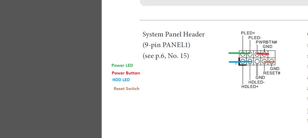 Mir fehlen diese Erdungen/GLDs immernoch. Das einzige, was jetzt noch aus der Richtung des Start-Knopfes kommt sind die folgenden: (HD Audio, AC '97, USB 3.0, USB,) Reset SW (2 kleine Stecker), Power SW (2 kleine Stecker).
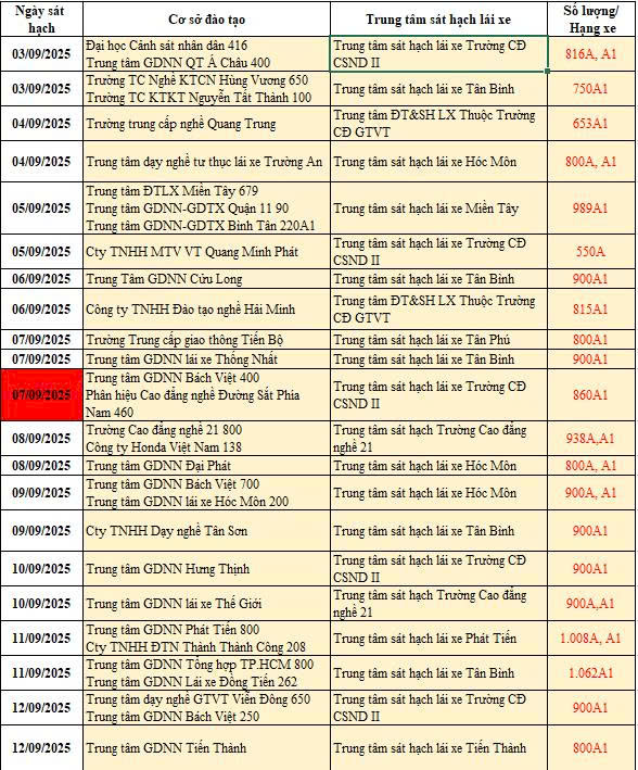 Phòng CSGT TP.Hồ Chí Minh công bố lịch tổ chức sát hạch lái xe Môtô tháng 9 năm 2025
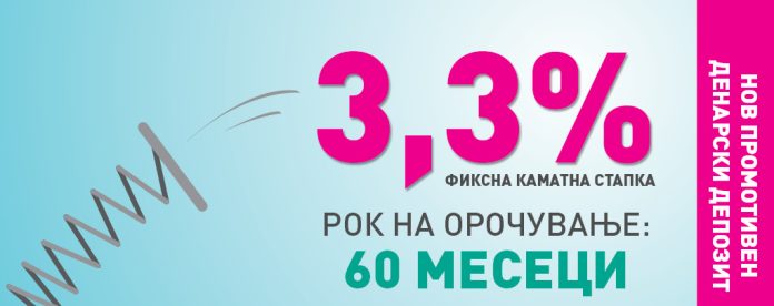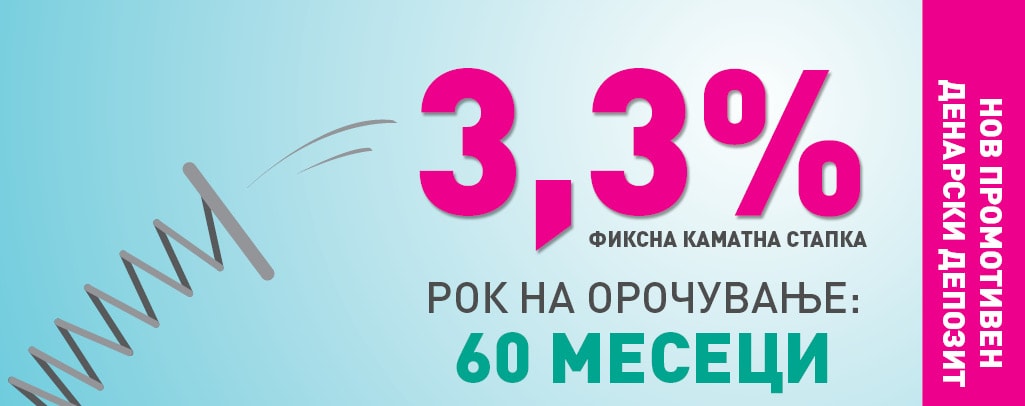 Во месецот на штедењето, во пресрет на Светскиот ден на штедењето Стопанска банка а.д. Битола, промотивно, за своите клиенти го воведува новиот денарски депозит со фиксна каматна стапка 3,3%.
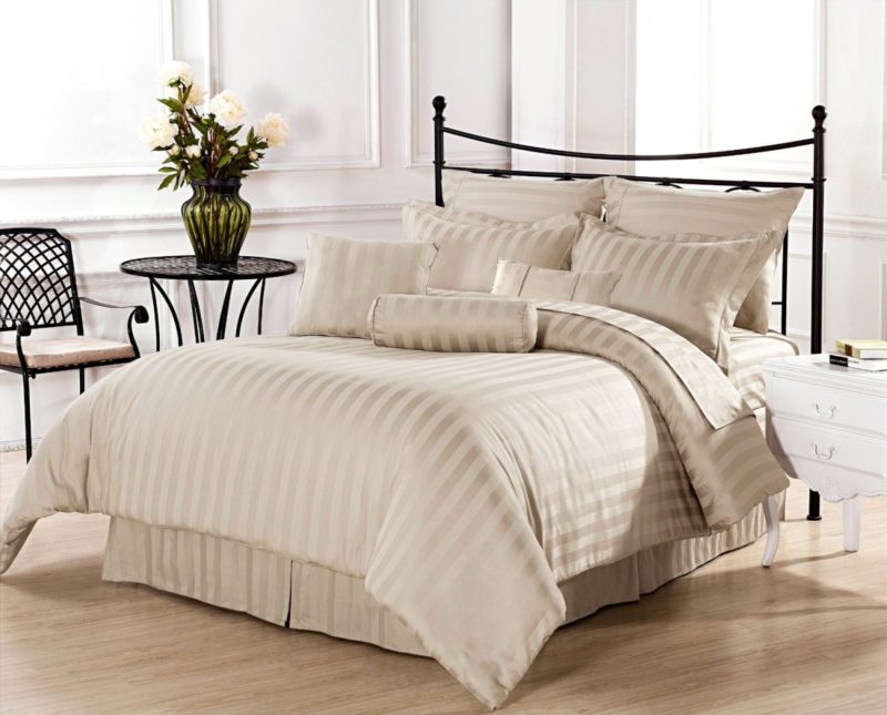 Отличными компаньонами бежу станут шоколадно-коричневый, серый, светлые варианты голубого, зеленого. Непревзойденной классикой для спальни в бежевых тонах станет белый.
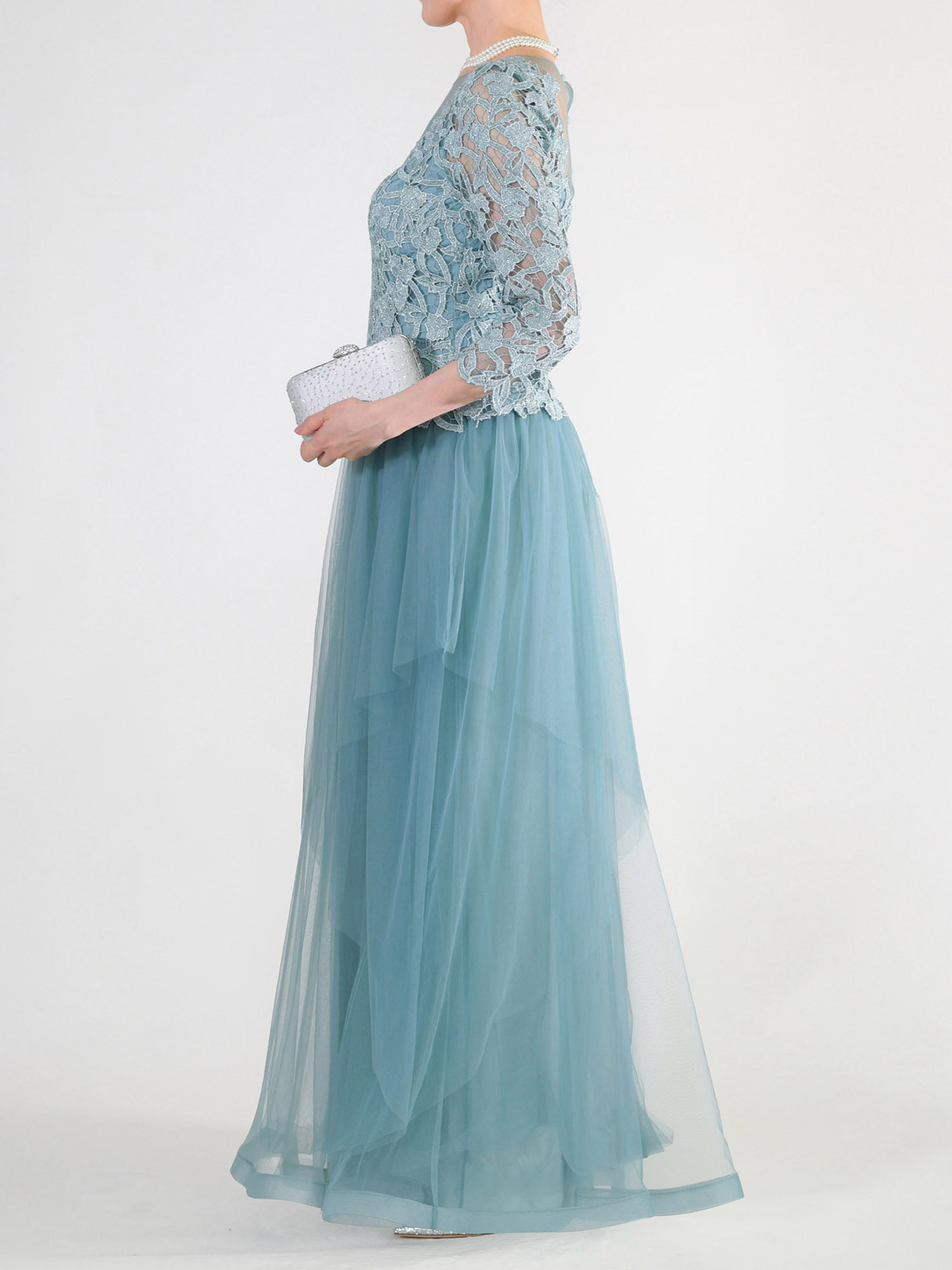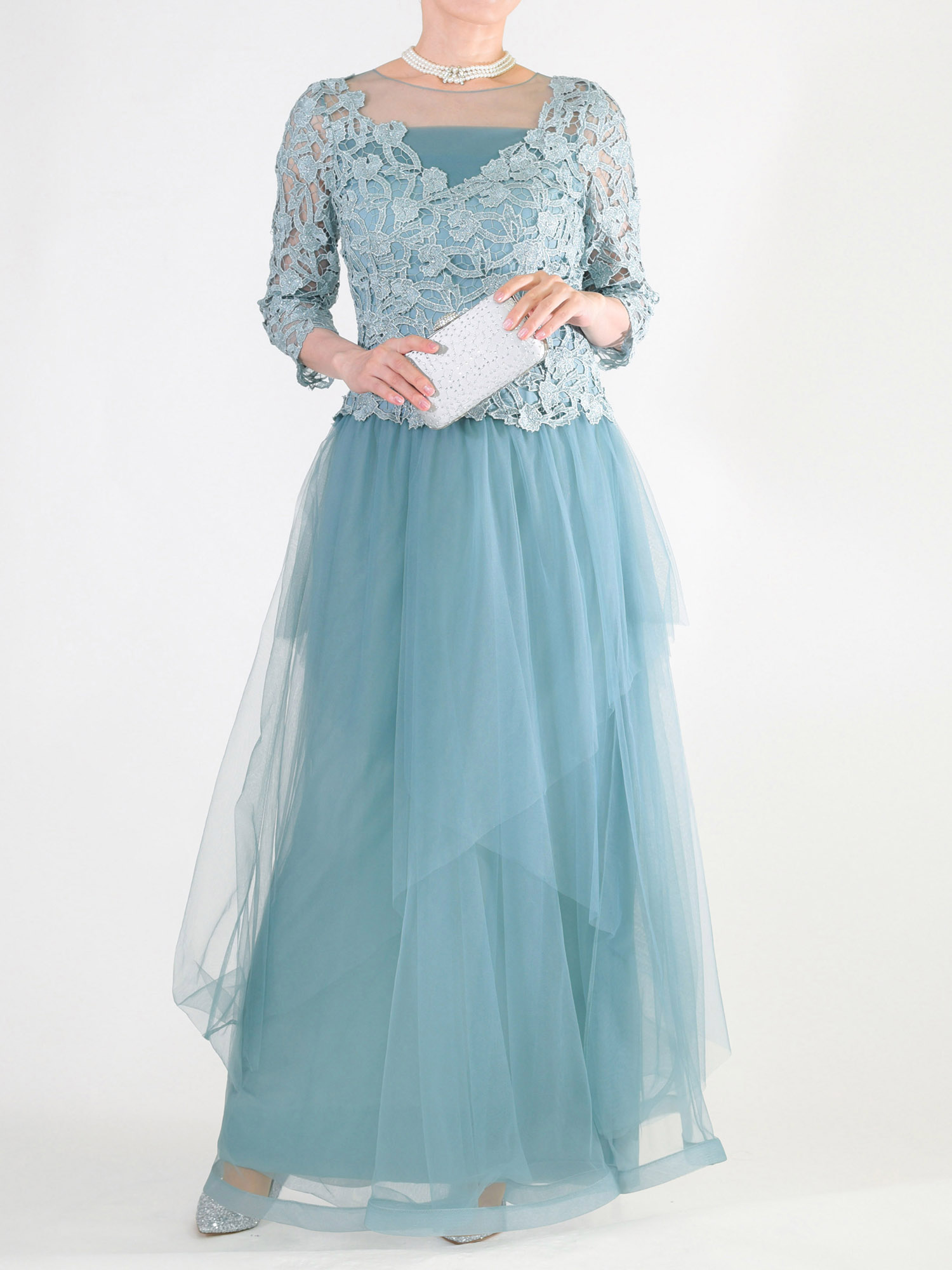 レースをふんだんに使った豪華なチュールドレス。トップは手の込んだレース生地。広くあいた胸元には、メッシュ素材があしらわれ、鎖骨あたりまで覆われています。さらに襟元に沿ってレースが華やかに踊り、デコルテを美しく飾ります。袖もレースでできていて、程よい透け感が上品。 スカート部分は最近はやりのチュール素材。カッティングしたメッシュ素材を重ねることでふんわりとしたボリュームが出ています。コンパクトにまとめられた上半身とのバランスも絶妙で、脚長効果も十分。ウエスト部分にふんだんに入ったギャザーは、お腹周りをしっかりカバー。チュール素材なので軽やかさもあり、動くたびに揺れるチュールが華やかな印象を与えます。 結婚式だけでなく、本格的なパーティーや晩餐会などでも着ていただけるドレスです。

### Goal of the exercise
Starting at the line containing "Во месецот на" and stopping at the line containing "Отличными компаньонами бежу", output each line exactly as it appears above. Leave out the pictures.

### Reply to the exercise
 Во месецот на штедењето, во пресрет на Светскиот ден на штедењето Стопанска банка а.д. Битола, промотивно, за своите клиенти го воведува новиот денарски депозит со фиксна каматна стапка 3,3%.
 Отличными компаньонами бежу станут шоколадно-коричневый, серый, светлые варианты голубого, зеленого. Непревзойденной классикой для спальни в бежевых тонах станет белый.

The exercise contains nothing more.